> Problem to solve:
Copy the records below exactly, starting at the line that contains "Viki Chiffon Lace Fold maxi dress" and ending at the line that contains "Ovaj geopolitički obrazac"; leave out any pictures.

> Data listing:
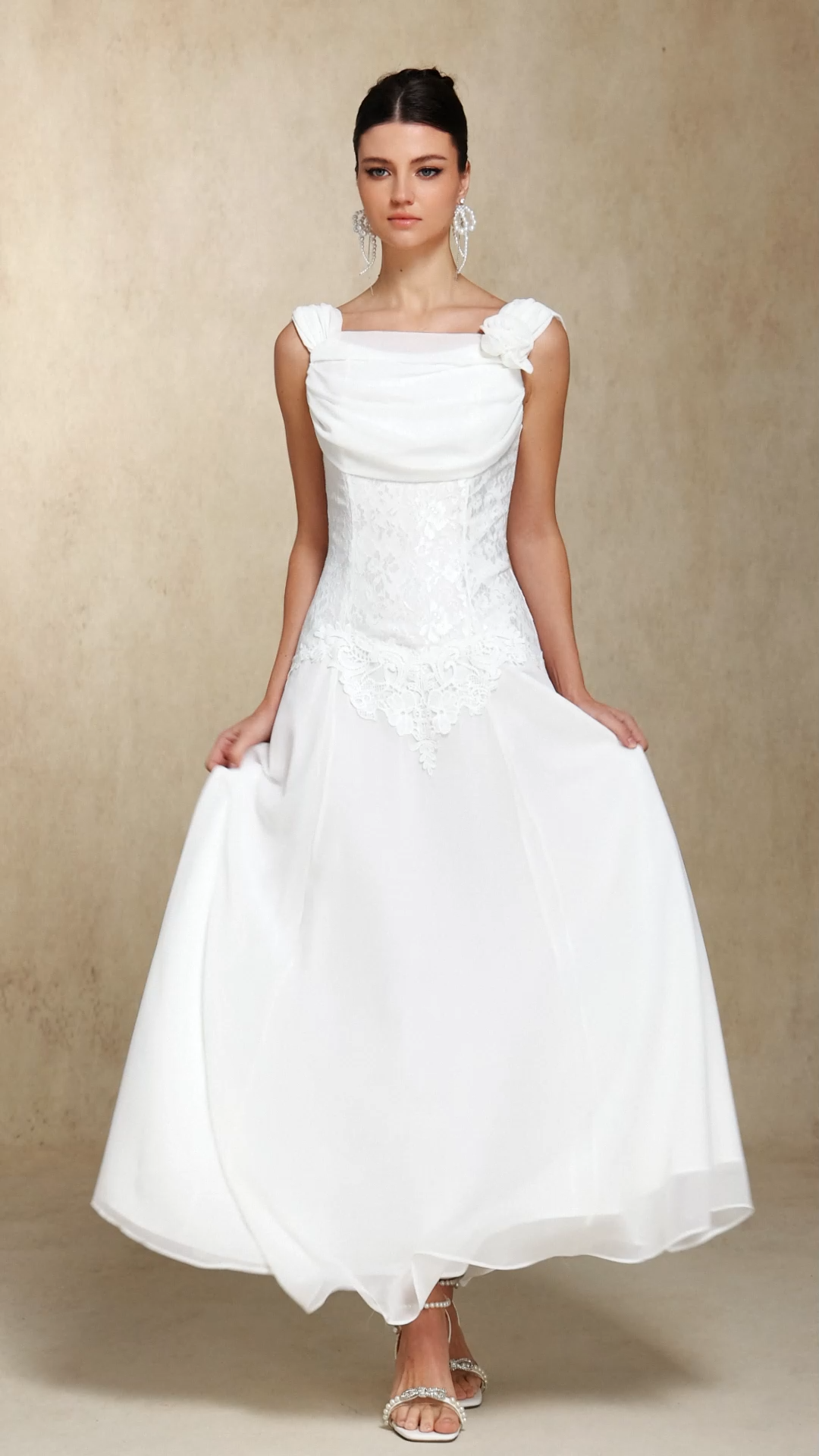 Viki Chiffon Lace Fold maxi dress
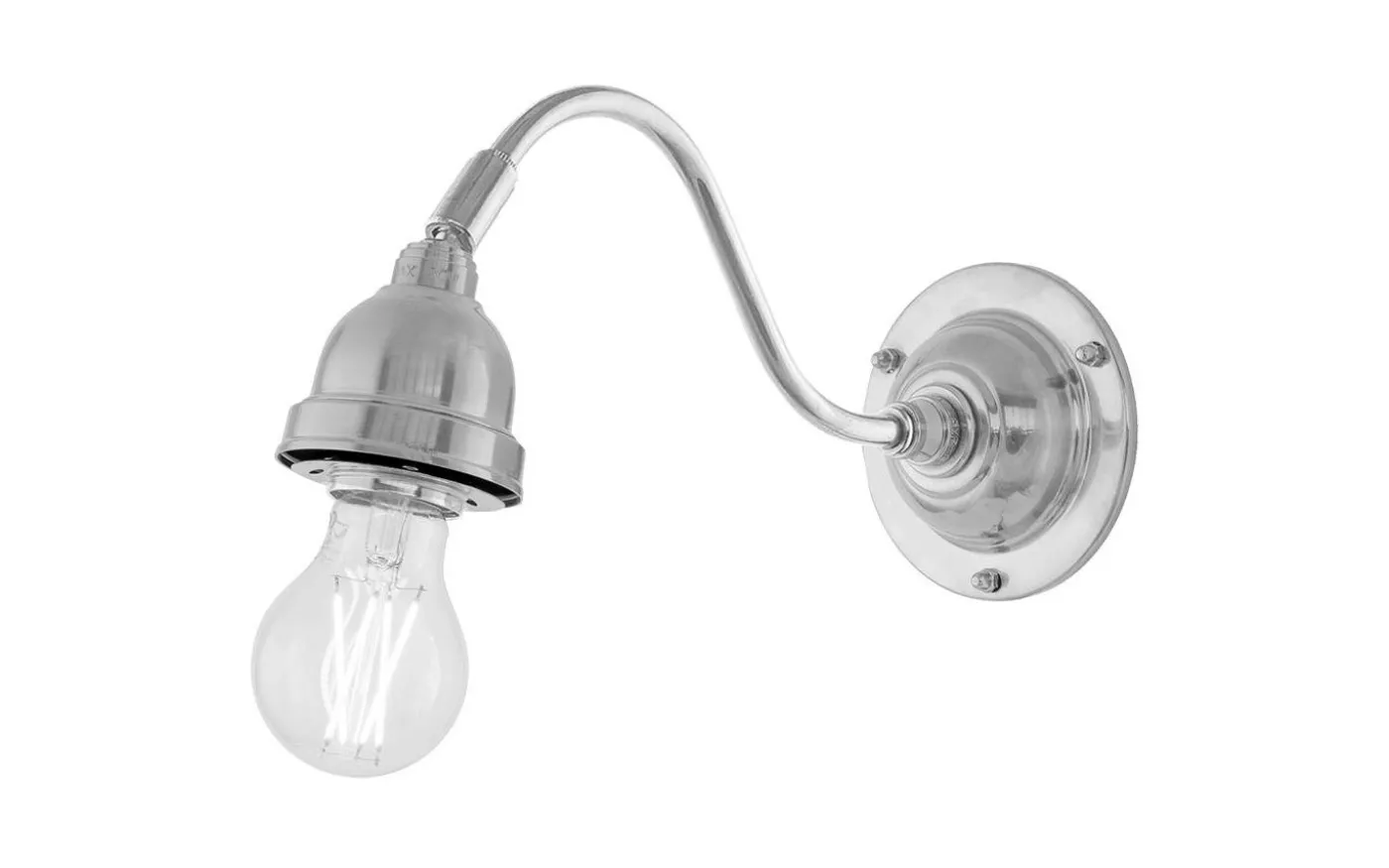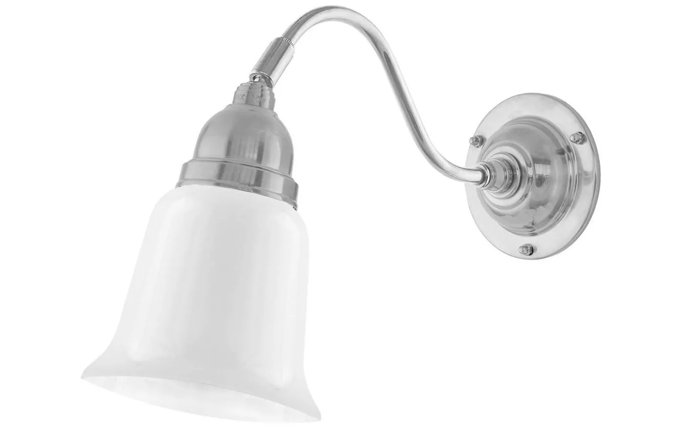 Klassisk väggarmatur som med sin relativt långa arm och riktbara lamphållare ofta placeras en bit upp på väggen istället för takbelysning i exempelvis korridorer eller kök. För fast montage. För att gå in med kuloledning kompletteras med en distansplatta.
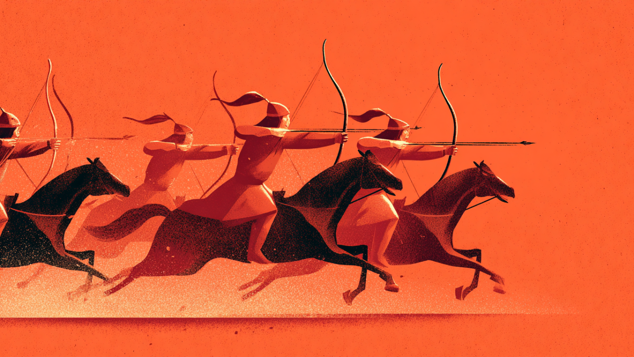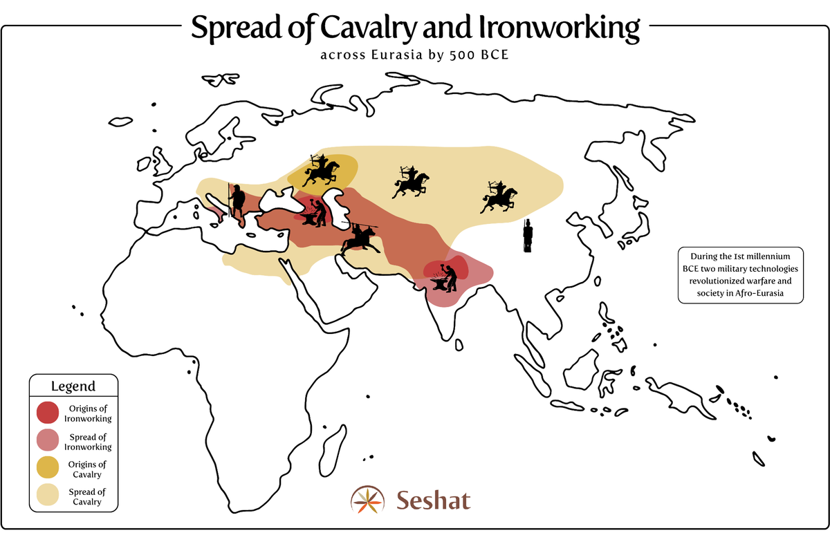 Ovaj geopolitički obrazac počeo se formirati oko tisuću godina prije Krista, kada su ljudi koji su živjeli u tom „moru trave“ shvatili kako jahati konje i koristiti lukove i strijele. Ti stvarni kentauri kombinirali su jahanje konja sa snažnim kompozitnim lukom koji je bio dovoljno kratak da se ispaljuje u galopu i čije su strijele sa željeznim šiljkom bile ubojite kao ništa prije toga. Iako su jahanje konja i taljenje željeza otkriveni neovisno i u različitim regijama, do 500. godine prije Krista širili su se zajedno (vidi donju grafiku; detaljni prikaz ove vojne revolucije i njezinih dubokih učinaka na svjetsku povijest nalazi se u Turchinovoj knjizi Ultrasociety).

* * *

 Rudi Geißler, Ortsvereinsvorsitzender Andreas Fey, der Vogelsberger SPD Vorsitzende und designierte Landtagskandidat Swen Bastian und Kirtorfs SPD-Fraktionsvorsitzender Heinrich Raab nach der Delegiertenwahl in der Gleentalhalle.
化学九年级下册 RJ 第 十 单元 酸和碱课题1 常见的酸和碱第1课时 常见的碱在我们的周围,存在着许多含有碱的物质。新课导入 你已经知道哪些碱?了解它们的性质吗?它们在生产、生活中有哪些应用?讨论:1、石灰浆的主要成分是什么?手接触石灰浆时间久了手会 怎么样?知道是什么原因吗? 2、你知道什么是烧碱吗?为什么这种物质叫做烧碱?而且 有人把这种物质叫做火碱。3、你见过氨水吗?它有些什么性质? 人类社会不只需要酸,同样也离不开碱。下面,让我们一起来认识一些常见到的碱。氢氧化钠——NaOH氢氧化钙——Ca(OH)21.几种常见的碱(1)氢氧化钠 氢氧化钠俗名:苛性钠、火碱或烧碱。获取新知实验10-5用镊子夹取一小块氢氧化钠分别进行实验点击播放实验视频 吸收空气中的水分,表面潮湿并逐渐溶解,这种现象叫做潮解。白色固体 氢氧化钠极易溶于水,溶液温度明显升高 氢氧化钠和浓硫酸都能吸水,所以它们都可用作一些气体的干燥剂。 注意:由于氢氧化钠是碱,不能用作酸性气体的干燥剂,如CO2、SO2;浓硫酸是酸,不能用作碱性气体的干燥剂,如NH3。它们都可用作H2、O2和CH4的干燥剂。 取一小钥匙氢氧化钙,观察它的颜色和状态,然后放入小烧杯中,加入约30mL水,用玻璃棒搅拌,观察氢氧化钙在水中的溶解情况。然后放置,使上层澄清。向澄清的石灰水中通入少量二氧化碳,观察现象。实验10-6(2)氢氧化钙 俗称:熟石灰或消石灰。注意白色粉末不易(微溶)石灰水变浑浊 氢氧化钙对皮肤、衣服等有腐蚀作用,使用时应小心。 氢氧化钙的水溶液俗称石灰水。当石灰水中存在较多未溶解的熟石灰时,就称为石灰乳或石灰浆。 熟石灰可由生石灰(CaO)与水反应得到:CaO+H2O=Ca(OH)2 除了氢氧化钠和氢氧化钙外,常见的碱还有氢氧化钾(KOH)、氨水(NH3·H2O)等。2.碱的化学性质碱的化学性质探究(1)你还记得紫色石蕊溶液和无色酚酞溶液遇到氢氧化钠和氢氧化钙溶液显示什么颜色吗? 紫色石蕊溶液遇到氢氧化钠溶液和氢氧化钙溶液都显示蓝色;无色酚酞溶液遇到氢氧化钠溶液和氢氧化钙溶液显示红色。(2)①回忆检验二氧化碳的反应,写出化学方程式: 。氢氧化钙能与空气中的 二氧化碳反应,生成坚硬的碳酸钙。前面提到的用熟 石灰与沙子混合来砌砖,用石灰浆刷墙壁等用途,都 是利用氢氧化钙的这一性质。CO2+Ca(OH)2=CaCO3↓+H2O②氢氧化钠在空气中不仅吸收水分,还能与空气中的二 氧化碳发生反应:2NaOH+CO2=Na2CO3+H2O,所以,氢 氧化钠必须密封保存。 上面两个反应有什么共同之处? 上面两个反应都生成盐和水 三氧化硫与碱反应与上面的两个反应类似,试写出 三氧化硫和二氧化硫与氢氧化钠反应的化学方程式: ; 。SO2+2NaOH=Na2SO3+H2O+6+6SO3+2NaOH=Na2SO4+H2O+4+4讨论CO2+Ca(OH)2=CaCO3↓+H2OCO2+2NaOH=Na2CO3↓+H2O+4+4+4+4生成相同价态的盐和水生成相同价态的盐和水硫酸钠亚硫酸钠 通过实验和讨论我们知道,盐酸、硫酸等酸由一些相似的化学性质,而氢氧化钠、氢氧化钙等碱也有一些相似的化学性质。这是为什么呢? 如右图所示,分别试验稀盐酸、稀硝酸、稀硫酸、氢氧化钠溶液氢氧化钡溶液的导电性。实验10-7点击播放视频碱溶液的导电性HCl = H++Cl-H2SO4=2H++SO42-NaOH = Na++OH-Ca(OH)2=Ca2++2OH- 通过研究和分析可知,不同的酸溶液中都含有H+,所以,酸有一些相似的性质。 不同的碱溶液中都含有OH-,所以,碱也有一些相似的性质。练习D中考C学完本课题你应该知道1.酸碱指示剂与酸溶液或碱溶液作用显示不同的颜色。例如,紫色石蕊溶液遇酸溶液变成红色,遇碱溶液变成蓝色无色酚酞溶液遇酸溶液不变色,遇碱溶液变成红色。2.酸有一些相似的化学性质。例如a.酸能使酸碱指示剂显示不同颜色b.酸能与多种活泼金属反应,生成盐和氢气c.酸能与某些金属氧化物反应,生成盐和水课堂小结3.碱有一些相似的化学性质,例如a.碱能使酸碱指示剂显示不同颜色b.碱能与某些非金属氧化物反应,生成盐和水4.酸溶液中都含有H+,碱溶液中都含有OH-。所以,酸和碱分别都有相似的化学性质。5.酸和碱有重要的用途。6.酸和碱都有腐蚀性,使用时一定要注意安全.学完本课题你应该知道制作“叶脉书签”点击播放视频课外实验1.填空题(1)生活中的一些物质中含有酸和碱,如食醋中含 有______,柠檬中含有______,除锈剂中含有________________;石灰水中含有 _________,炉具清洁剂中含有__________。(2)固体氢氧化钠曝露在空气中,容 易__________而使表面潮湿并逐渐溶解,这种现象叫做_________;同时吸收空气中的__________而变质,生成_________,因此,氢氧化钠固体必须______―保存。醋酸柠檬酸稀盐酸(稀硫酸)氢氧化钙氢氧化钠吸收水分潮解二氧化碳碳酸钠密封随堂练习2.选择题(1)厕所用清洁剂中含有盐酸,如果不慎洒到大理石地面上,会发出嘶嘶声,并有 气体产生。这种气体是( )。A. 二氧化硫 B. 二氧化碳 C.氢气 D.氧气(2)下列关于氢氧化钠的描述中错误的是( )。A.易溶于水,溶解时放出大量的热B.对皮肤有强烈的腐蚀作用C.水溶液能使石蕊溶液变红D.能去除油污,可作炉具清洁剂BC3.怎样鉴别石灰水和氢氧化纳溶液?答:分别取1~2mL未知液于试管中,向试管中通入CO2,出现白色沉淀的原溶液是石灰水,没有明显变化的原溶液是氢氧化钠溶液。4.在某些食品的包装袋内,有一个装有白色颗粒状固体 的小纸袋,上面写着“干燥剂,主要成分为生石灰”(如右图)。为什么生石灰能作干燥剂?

> The completed task:
 Viki Chiffon Lace Fold maxi dress
 Klassisk väggarmatur som med sin relativt långa arm och riktbara lamphållare ofta placeras en bit upp på väggen istället för takbelysning i exempelvis korridorer eller kök. För fast montage. För att gå in med kuloledning kompletteras med en distansplatta.
 Ovaj geopolitički obrazac počeo se formirati oko tisuću godina prije Krista, kada su ljudi koji su živjeli u tom „moru trave“ shvatili kako jahati konje i koristiti lukove i strijele. Ti stvarni kentauri kombinirali su jahanje konja sa snažnim kompozitnim lukom koji je bio dovoljno kratak da se ispaljuje u galopu i čije su strijele sa željeznim šiljkom bile ubojite kao ništa prije toga. Iako su jahanje konja i taljenje željeza otkriveni neovisno i u različitim regijama, do 500. godine prije Krista širili su se zajedno (vidi donju grafiku; detaljni prikaz ove vojne revolucije i njezinih dubokih učinaka na svjetsku povijest nalazi se u Turchinovoj knjizi Ultrasociety).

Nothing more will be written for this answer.